Your answer must match, word for word, the lines from the one holding "該觀建于元代,為邱處機門徒所" through the final line below, with pictures excluded.

━━━ Recorded information ━━━

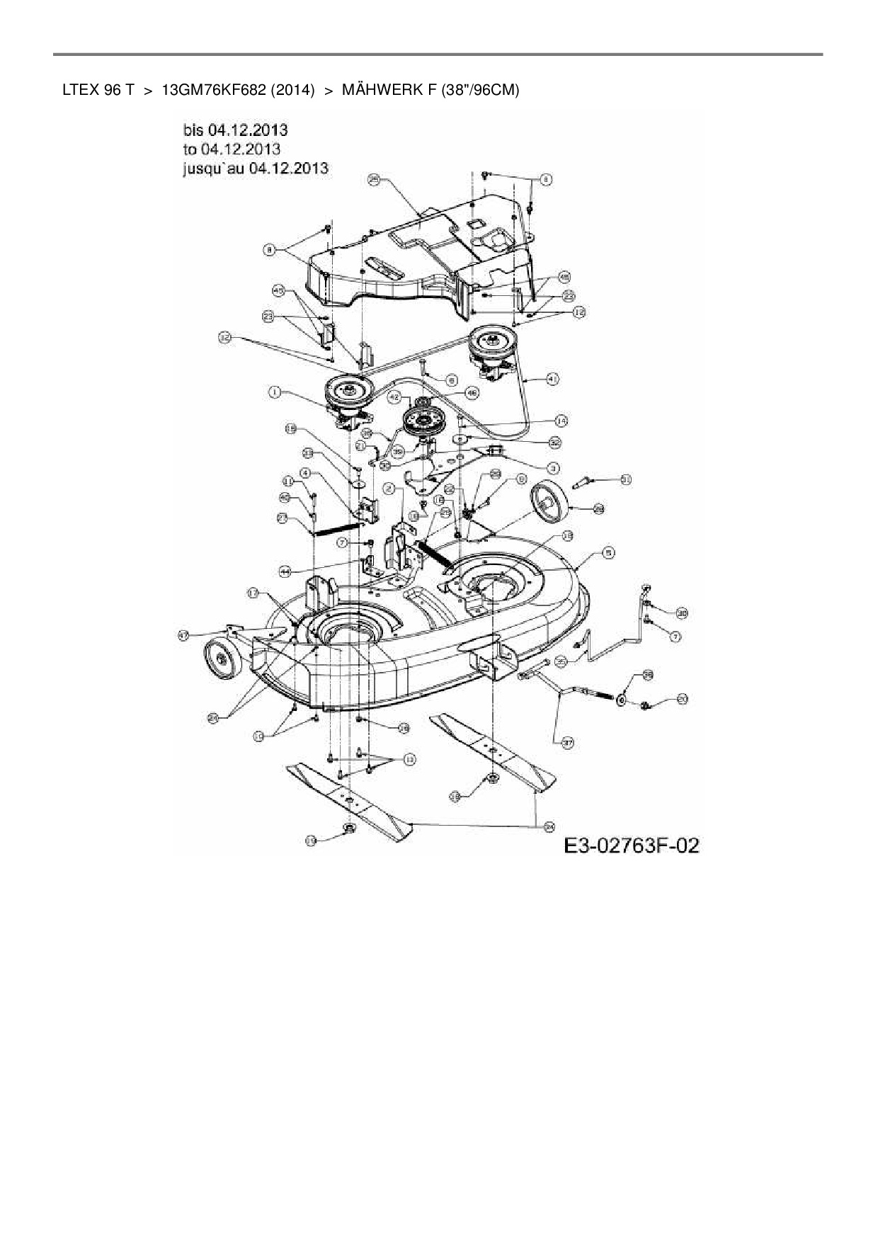 Download Ersatzteil-Zeichnung MTD LTEX 96 T Zeichnung Mähwerk F (38"/96cm) (PDF-Format)
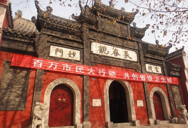 該觀建于元代,為邱處機門徒所建,以紀(jì)念道教全真派北七真之一,龍門宗的創(chuàng)始人丘處機(公元1148年-1227,字通密,號長春子)在元軍南下時“一言止殺“濟世救民之勸德。始稱“長春觀”。
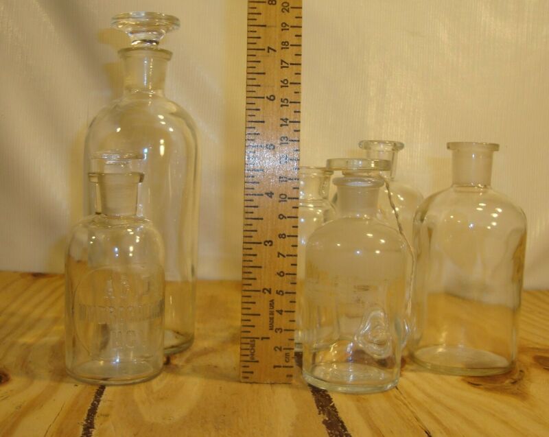 Title (ebay affiliate link): ANTIQUE HCL ACID T.C.W. CO PYREX GLASS APOTHECARY (Pharmacy) BOTTLE LOT Clear

━━━

● **Exercise response**
 該觀建于元代,為邱處機門徒所建,以紀(jì)念道教全真派北七真之一,龍門宗的創(chuàng)始人丘處機(公元1148年-1227,字通密,號長春子)在元軍南下時“一言止殺“濟世救民之勸德。始稱“長春觀”。
 Title (ebay affiliate link): ANTIQUE HCL ACID T.C.W. CO PYREX GLASS APOTHECARY (Pharmacy) BOTTLE LOT Clear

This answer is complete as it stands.